HHMI honors two Broad scientists

logo of the Howard Hughes Medical InsituteHHMI's new Early Career Scientist awards are designed to free young investigators from traditional funding constraints, allowing them to devote more time to pathbreaking science. Image courtesy of the Howard Hughes Medical Institute

Two Broad researchers have won awards from the Howard Hughes Medical Institute that aim to nurture the groundbreaking work of the nation’s brightest young scientists. Broad Institute core member Aviv Regev and Bradley Bernstein, a Broad associate member and assistant professor at Massachusetts General Hospital, are among 50 researchers nationwide to receive the honor, which includes a prestigious six-year appointment to HHMI and $1.5 million in research funds.

Aviv RegevAviv RegevBradley BernsteinBradley Bernstein
Photos by Maria Nemchuk, Broad Institute

The HHMI Early Career Scientist awards, given this year for the first time, recognize scientists who have shown great promise in pursuing revolutionary ideas and have led their own laboratories for just a few years.

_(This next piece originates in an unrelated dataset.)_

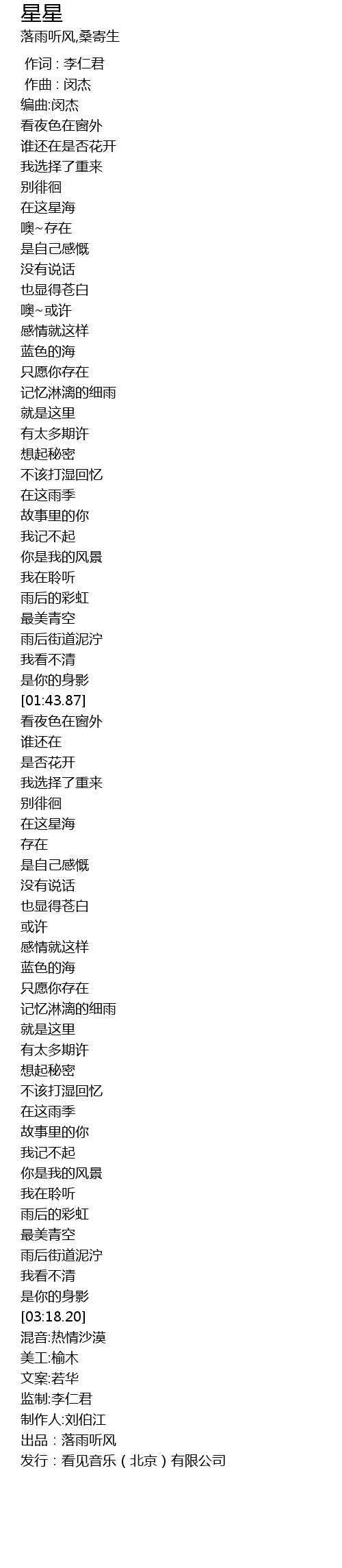 | [03:23.74] | 发行:看见音乐(北京)有限公司 |

This early career stage is widely considered to be the most challenging and is often a vulnerable juncture in an academic researcher’s career; funding needs can take center stage, which means grant-writing often assumes precedence over other important duties, such as laboratory work and mentoring young scientists.

“We saw a tremendous opportunity for HHMI to impact the research community by freeing promising scientists to pursue their best ideas during this early stage of their careers,” said HHMI President Thomas R. Cech. The HHMI awards are designed to free early-career scientists from these constraints, thereby enabling them to focus their creative energies on science.

Regev, who is also an assistant professor at MIT, combines computational and experimental methods to understand molecular networks, specifically how they function and adapt to genetic and environmental changes. Her research has already uncovered deep evolutionary insights in yeast and has been applied in novel ways to study the single-celled malaria parasite, Plasmodium falciparum. Bernstein’s work focuses on chromatin, the DNA-protein scaffolding that contains important biological cues. By taking a genomic approach, he and his colleagues have identified key chromatin signals that guide cells’ normal development and may also play roles in human disease.